AN important Norwegian fish farming area has been forced to slaughter at least 170,000 fish following fears of a major salmon disease outbreak.
The Norwegian Food Safety Authority (FSA) has warned that ISA could be beginning to spread around the community of Nebbo in Hardangerfjord, near Bergen.
Fish farmers said they discovered what looked to be the symptoms of ISA on May 11 and immediately reported their findings to the FSA.
They also ordered the slaughter to begin as soon as the symptoms were confirmed. ISA is a flu type virus which can hit any salmon farm, but it does not affect humans. However, it can spread quickly among the fish.

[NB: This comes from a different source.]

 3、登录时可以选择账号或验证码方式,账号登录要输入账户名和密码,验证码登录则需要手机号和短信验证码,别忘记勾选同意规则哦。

Erlend Haugarvoll, general manager of Linga Laks AS, one of two breeders affected, told the newspaper Bergens Tidende: ‘This (discovery) means we are likely to lose between three and four per cent of our fish.

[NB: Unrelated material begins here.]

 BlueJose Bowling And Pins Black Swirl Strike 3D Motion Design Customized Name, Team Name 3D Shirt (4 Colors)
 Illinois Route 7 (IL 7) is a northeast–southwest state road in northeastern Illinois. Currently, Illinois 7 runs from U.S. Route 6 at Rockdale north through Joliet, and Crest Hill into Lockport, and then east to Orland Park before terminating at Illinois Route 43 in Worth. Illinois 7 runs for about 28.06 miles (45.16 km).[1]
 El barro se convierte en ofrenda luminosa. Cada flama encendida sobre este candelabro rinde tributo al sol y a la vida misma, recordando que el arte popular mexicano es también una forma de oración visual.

‘It is sad, but luckily this happens quite rarely. It is about 20 years since we encountered a similar experience.’
Meanwhile, the FSA said in a press release that it has now isolated the site and was in the process of planning further measures to control the outbreak.
The FSA has recently introduced tougher rules for dealing with such incidents. These include setting up a control area of up to 20km to limit the spread.
Samples have been sent to the FSA laboratories for further analysis. The Norwegian authorities are determined to avoid what happened in Chile a few years ago when ISA almost took the country’s aquaculture industry to the brink of collapse.
An ISA outbreak was also confirmed in the Faroe Islands earlier this year.